Purdue also had an Incentive Bonus Program that deterred sales reps from reporting overprescribing healthcare providers. "If a Purdue sales representative reported a suspicious provider, that sales representative did so at the risk of removing sales attributable to that provider from the representative's bonus calculations.” The company structured their bonuses to focus on healthcare providers who prescribed the most drugs, which it termed "core” and "super core” prescribers.
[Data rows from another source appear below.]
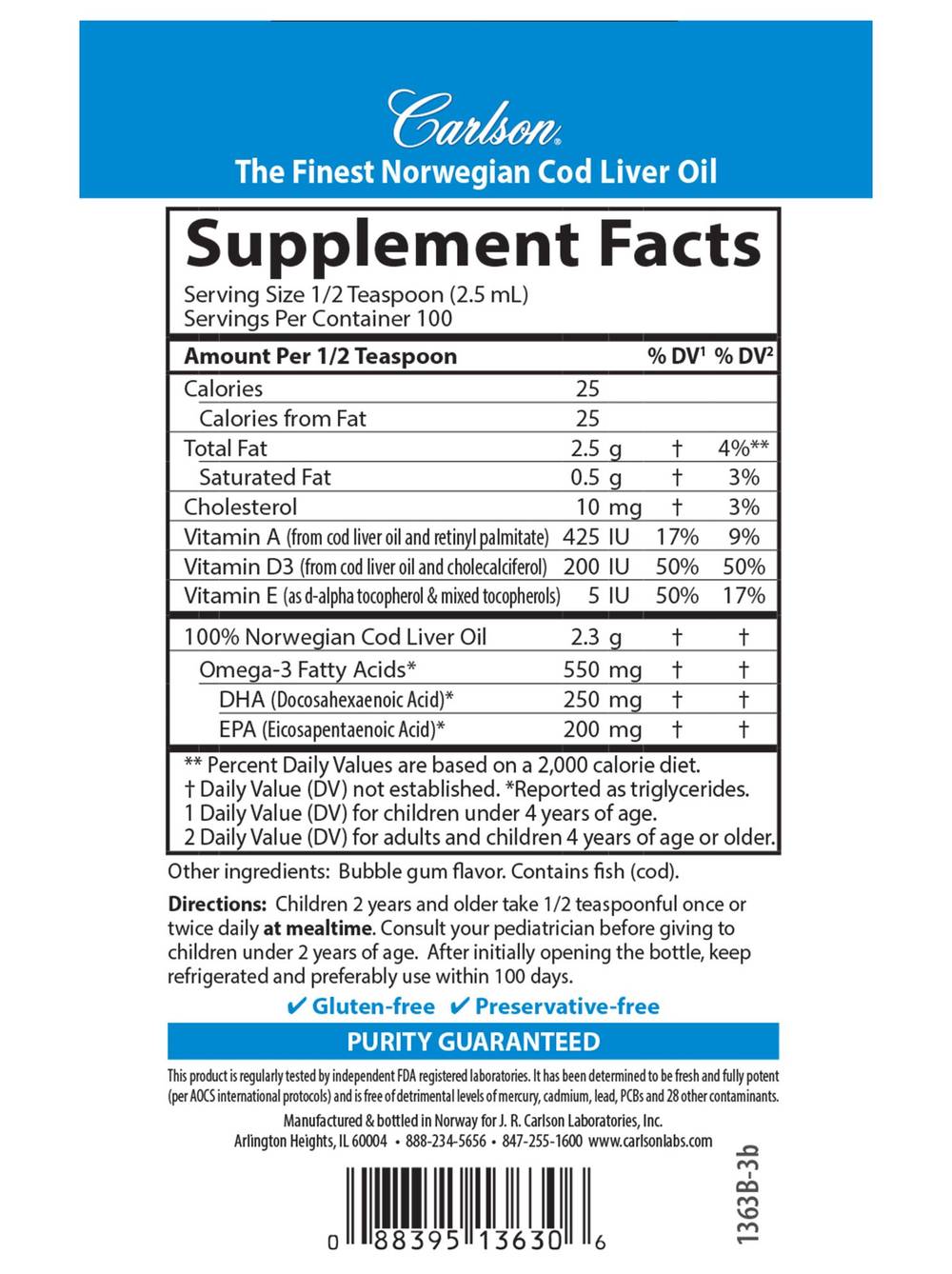 Children'S Norwegian Cod Liver Oil - Omega 3'S, Epa & Dha - Bubble Gum Flavor (8.4 Fluid Ounces)
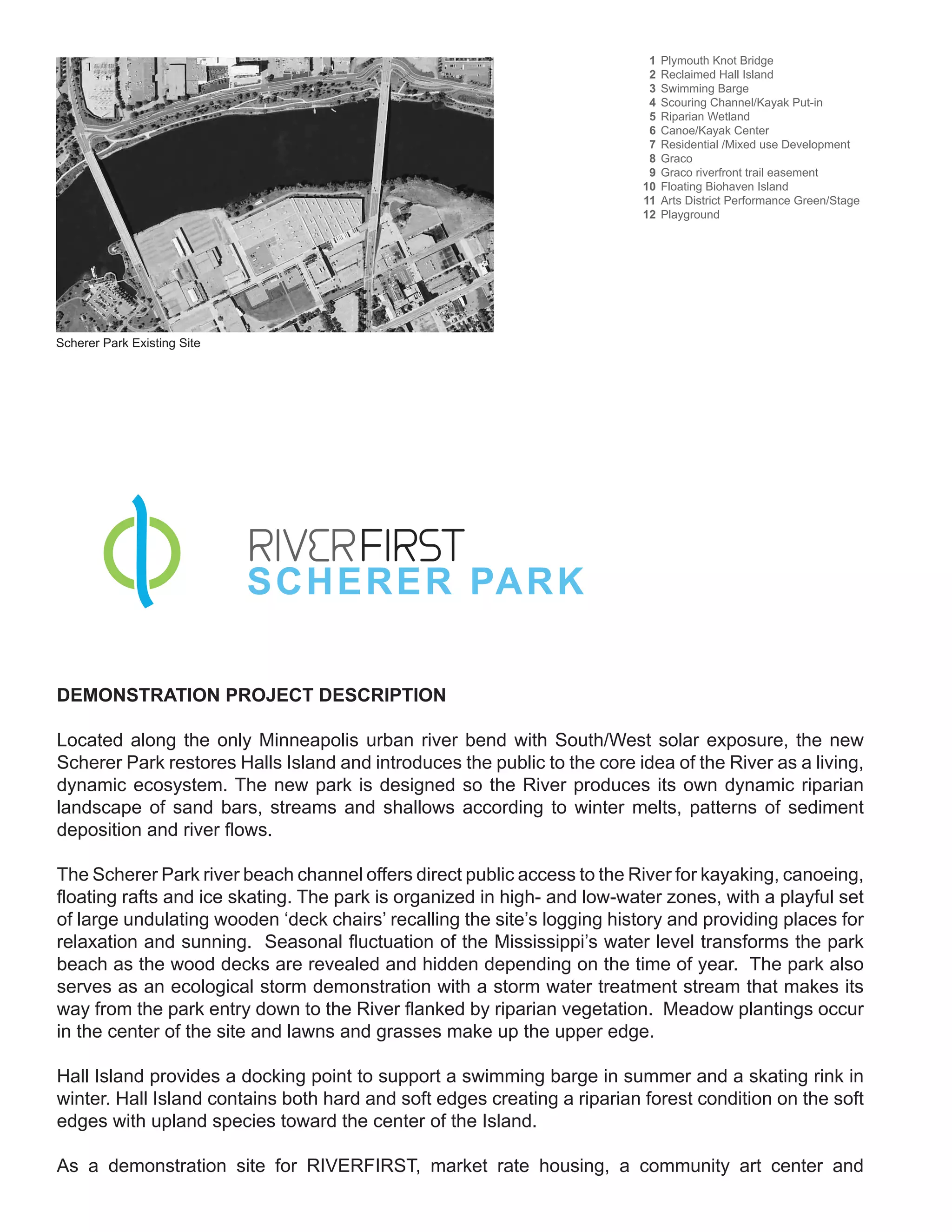 The Wetlands demonstration project would restore degraded wetlands along the Mississippi River and introduce public access. Key elements include:
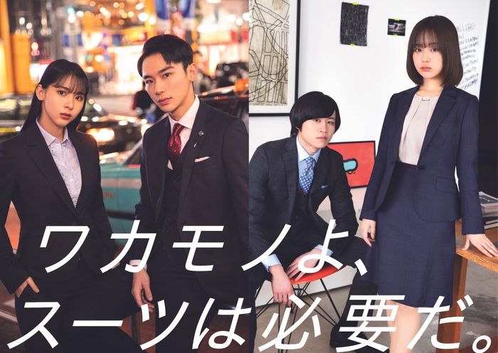 今回は、それぞれのSNSアカウントでの投稿に加え、ザ・スーツカンパニーの公式SNSや特設サイトにてカタログ画像をはじめ、撮影中のオフショットも織り交ぜたコンセプト動画なども掲載していきます。また、店頭ではスーツをスタイリッシュに着こなした4名のビジュアルを使用したPOPやカタログ配布などを通して、ファーストスーツの着用イメージの訴求を行っていきます。
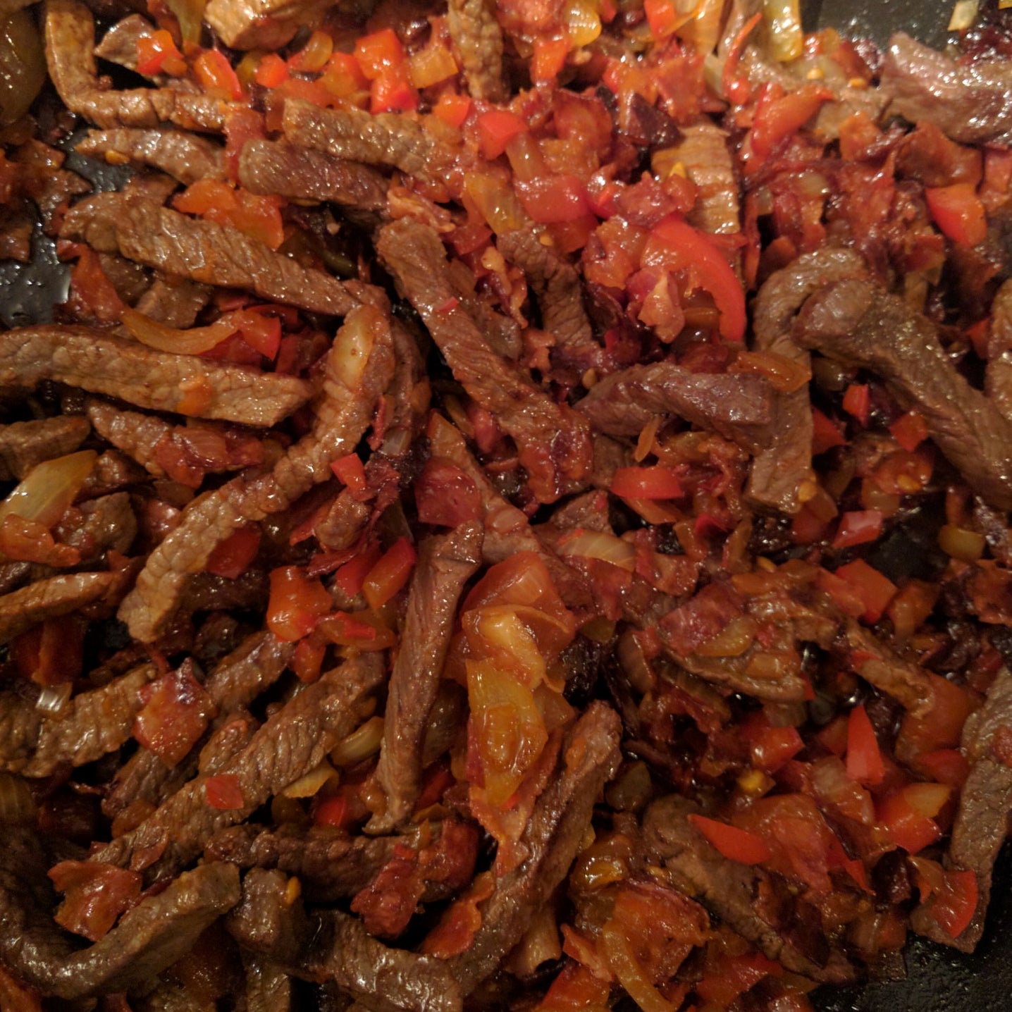 Pak nu een koekenpan en doe er een scheut olijfolie in. Laat dit goed heet worden en bak de biefstuk bruin. Schep nu de biefstukreepjes door de chorizosaus. Je kunt eventueel nog peper en zout toevoegen om het geheel wat pittiger te maken.
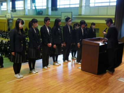 表彰された9人の生徒は大変立派だったと思います。 よくがんばりました!
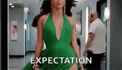 Eva Longoria confidently walks down a hallway in a green dress, embodying 'EXPECTATION' with fabulous sass.
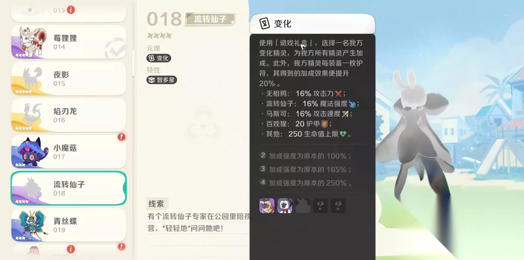 变化原理的特点是使用诡戏礼盒,会选择一名我方变化精灵,为我方所有精灵产生加成,另外我方精灵每装备一枚护符,所获得的加成效果都会提升。对于无相鸦来说,获得的是16%的攻击力加成。所以在阵容搭配方面,大家应该尽量做到触发四变化羁绊可以。选择的队友包括无相鸦、流转仙子、马斯可、百戏猩等,触发四羁绊之后,获得的加成强度就会变成原来的250%,属性大幅度提升。至于其他的队友,尽量争取去触发特性或者是辅助其他的流派也可以接受。
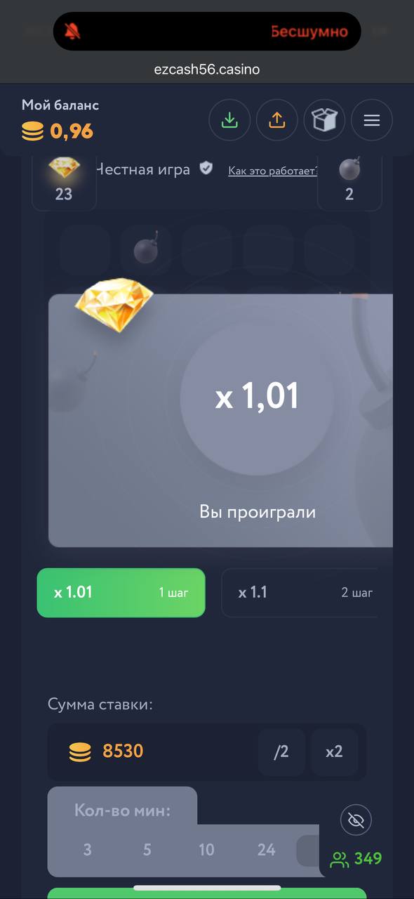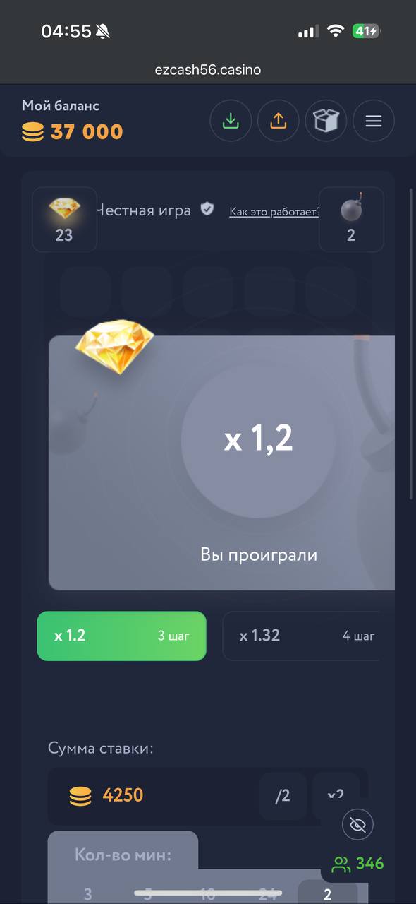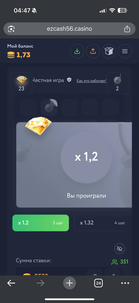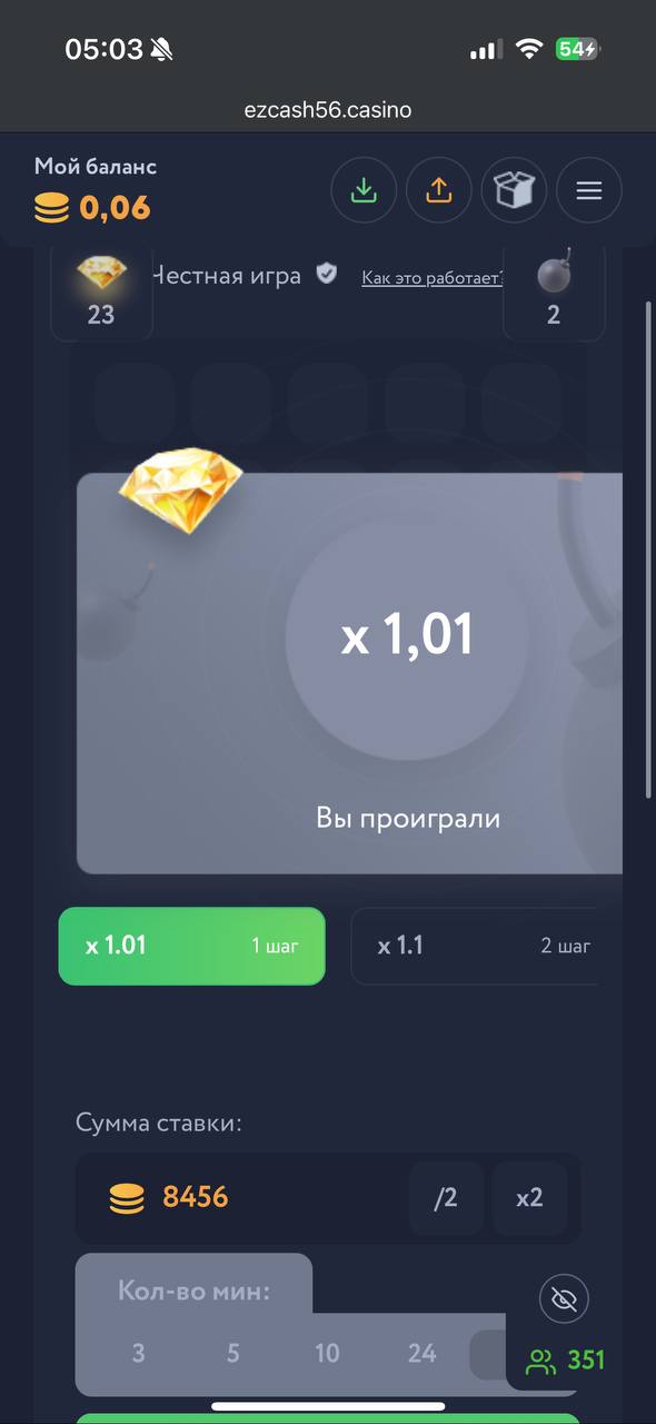EzCash Casino: 24 раза подряд проиграл на 14 минах
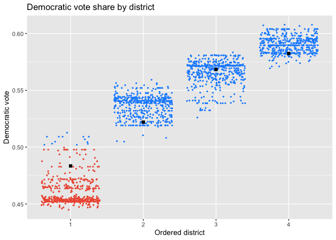 After generating plans, you can use redist’s plotting functions to study the geographic and partisan characteristics of the simulated ensemble.
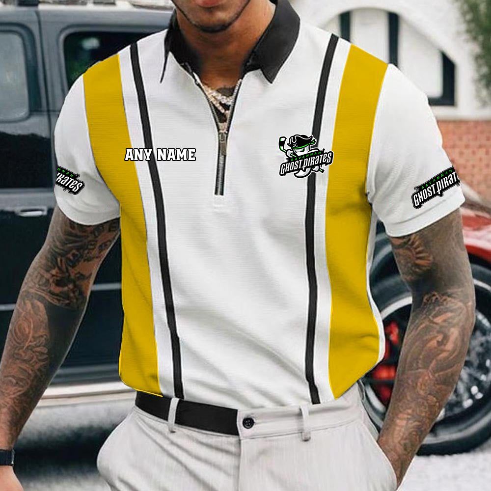 ECHL Savannah Ghost Pirates Personalized Name Multi Color Zip Polo Shirt ST2501
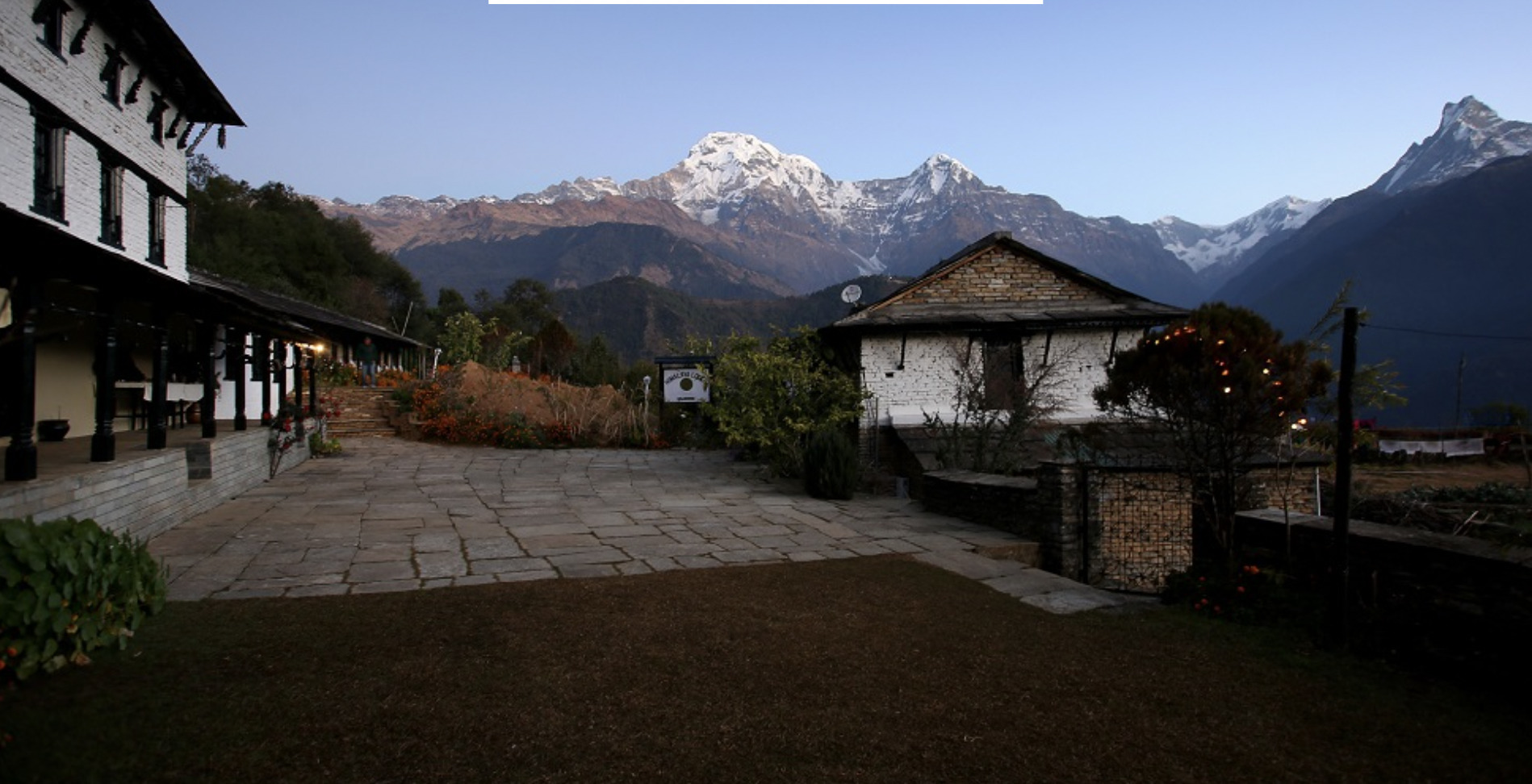 Surrounded by panoramic mountain views, and comprising of a restaurant, bar, and a beautifully landscaped garden terrace, Dhampus Lodge feels like a mountainside secret. There’s a real retreat ambiance here. Guests gather on the grassy terrace for drinks and massages as the sun sets over the mountains, then head into the cozy dining room for a fire, the fully stocked bar, and for dinner. Bright rooms set in a row face the fantastic panoramic views of the Annapurna Range. You’ll find floors adorned with Nepalese carpets, blankets and artwork. There’s hot running water in the well-designed en suite bathrooms, as well as cozy slippers and jackets for the cooler hours.
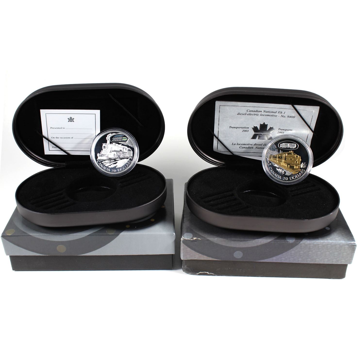 2002-2003 Canada $20 Transportation Series Sterling Silver Coins. You will receive the 2002 Train - Pacific D-10 (missing COA), and 2003 Train - CNR FA-1 Diesel Electric. 2pcs.

Purdue also created a points system that allocated bonuses and rewarded sales reps who had "the highest percentage of total sales calls with ‘super core' or ‘core' prescribers.” All of these incentives programs created a sales culture of getting as many drugs as possible into the hands of healthcare providers who would, in turn, prescribe them in great numbers.

 

Below is breakdown of how many prescriptions were filled and pills and patches were distributed between 2008 and 2017:

 

Prescriptions

2008 - 157,568

2009 - 197,665

2010 - 222,916

2011 - 242,699

2012 - 248,957

2013 - 252,123

2014 - 248,415

2015 - 244,821

2016 - 217,990

2017 - 124,805

 

Units (Pills and Patches)

2008 - 11,752,188

2009 - 14,654,449

2010 - 16,417,297

2011 - 17,264,122

2012 - 17,270,259

2013 - 17,257,184

2014 - 16,684,715

2015 - 15,963,732

2016 - 14,316,532

2017 - 8,077,758

 

Because of a preexisting Confidentiality Agreement between the Parties, the Commonwealth redacted certain portions of the Complaint for public viewing, and filed an unredacted, sealed Complaint with the Court. Since the original filing, the parties have discussed confidentiality issues and agreed to unseal the unredacted Complaint and make it public.

 

Attorney General Herring sued Purdue Pharma back in June accusing them of profiting from an opioid crisis that it helped create and prolong through a decades-long campaign of lies and misrepresentations in violation of the Virginia Consumer Protection Act. Since 2007, 8,000 Virginians have died from an opioid overdose, including 5,000 from a prescription opioid overdose. During the same period, Purdue made false claims about the purported safety, efficacy, and benefits of its opioids, including OxyContin, pushed tens of millions of pills and patches into the Commonwealth of Virginia, and reported billions in profits.